2) My spatula, my scraper, my scissors, my steel bowl are all well oiled
3) I have a new pair of leather gloves. I bought it last week after sugar burning both thumbs on my last attempt. I lathered the glove with heck a lot of shortening to ensure, again the sugar won't stick to it.
4) I lined out the flavoring to add and the coloring as well. I intend to divide the cooked mixture into 2 portions to make 2 flavors, grape and apple. With green for the apple and violet for the grape. I mixed the 2 ingredients into a small panadol syrup measuring cup which I have been collecting from my frequent visits to the clinics. I pour around 2.5 ml of the flavoring and this turns out not to be too enough to flavor the 1/4 kg of sugar I had for each sugar portion. So, bear in mind....next time I need to add a little bit more flavor. And my approach of mixing the coloring with the flavor doesn't work huhu. The color sinks to the bottom of the small cup and stucked when I tried to pour it out of the small cup. Actually the violet color got stucked, but not the green one. Given the nick of time I had to work the sugar, I don't bother to scrape out the flavor, color mixture out of the small cup...heheh. I think that's why my candy lacks the flavor.So, next time... just use the measuring spoon. No need to be so creative....
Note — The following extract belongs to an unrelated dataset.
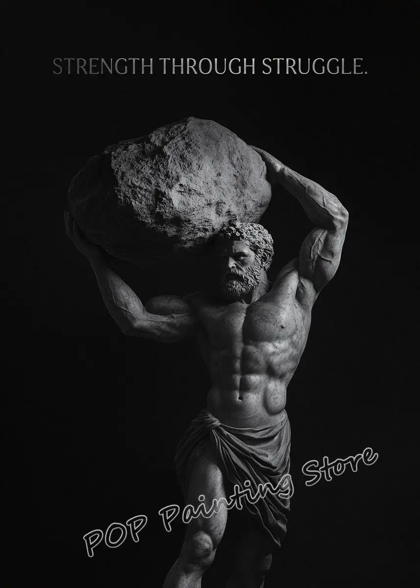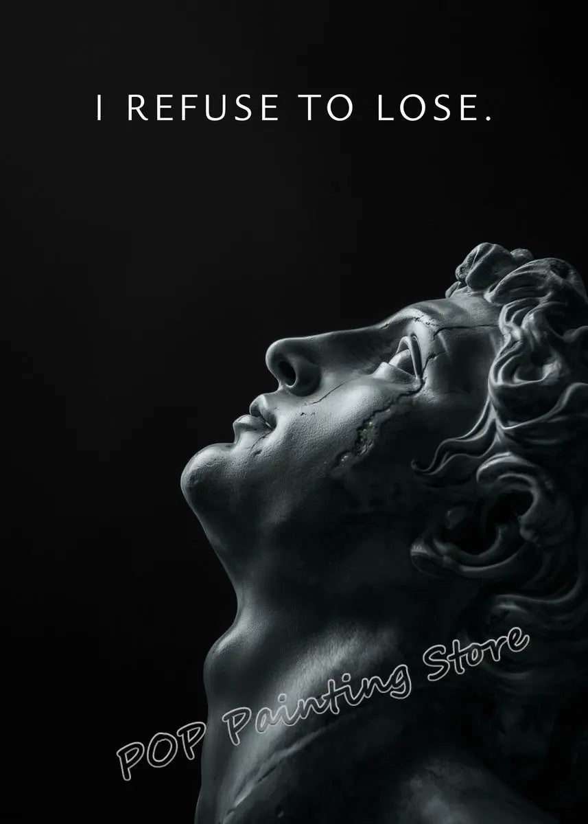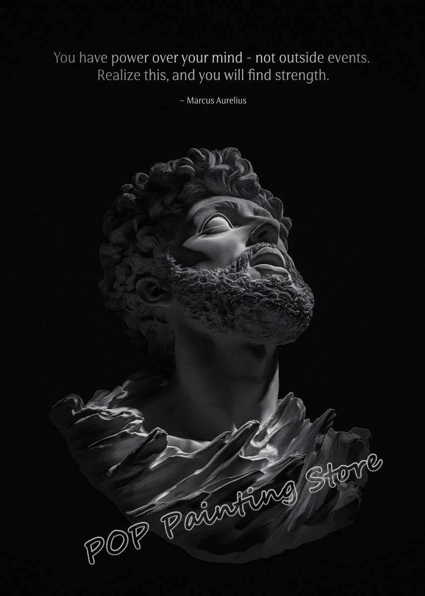 • Minimalist design with Greek sculpture and inspiring Stoic quote

5) I did this alone...no one to help... Hubby is not around. If he's around, he'll help me (although what he did was standing nearby with his blur2 face not knowing what and how to help haha.. pity him). Sorry dear that I'm complaining... But your moral support and a shoulder to cry on is nothing to beat... sob sob..and that is the reason why I need u by my side most of the time...when I get into trouble ... haha..
6) I am adding a little bit of salt(probably 1/4 tsp), a few tsp of corn flour(2tsp I think) and a bit of citric acid. The salt tone down the sweetness of the candy and that is good. The corn flour... urmmm I don't know really whether it works or not to curb the candy stickiness. Since this time, I've oiled everything pretty perfectly, I didn't get the sticky problem. I think I'll add them again in my next attempt. And the citric acid.... arghh.. I really don't know how much I need. Long time ago, I added too much and the candy irritates my throat although the sourness was acceptable. This time, the sourness didn't show up at all. How to balance this? Next time I think I'll try for 3/4 tsp of citric acid for this amount of sugar.
7) I cooked the sugar to about 293F as compared to 280F I did before. Cooking it to ~290F makes the candy harder. Cooking it to 280F makes it a bit chewier and the texture became more like the kiwi candy. (Actually I don't know whether the final cooked temp or rather the amount of agitation involved as the defining factor on the resulting candy texture. I believe its the temp). In fact the recipe in Peter Grewling stated to cook it to 313F, but I did not, coz I don't want it to be too hard.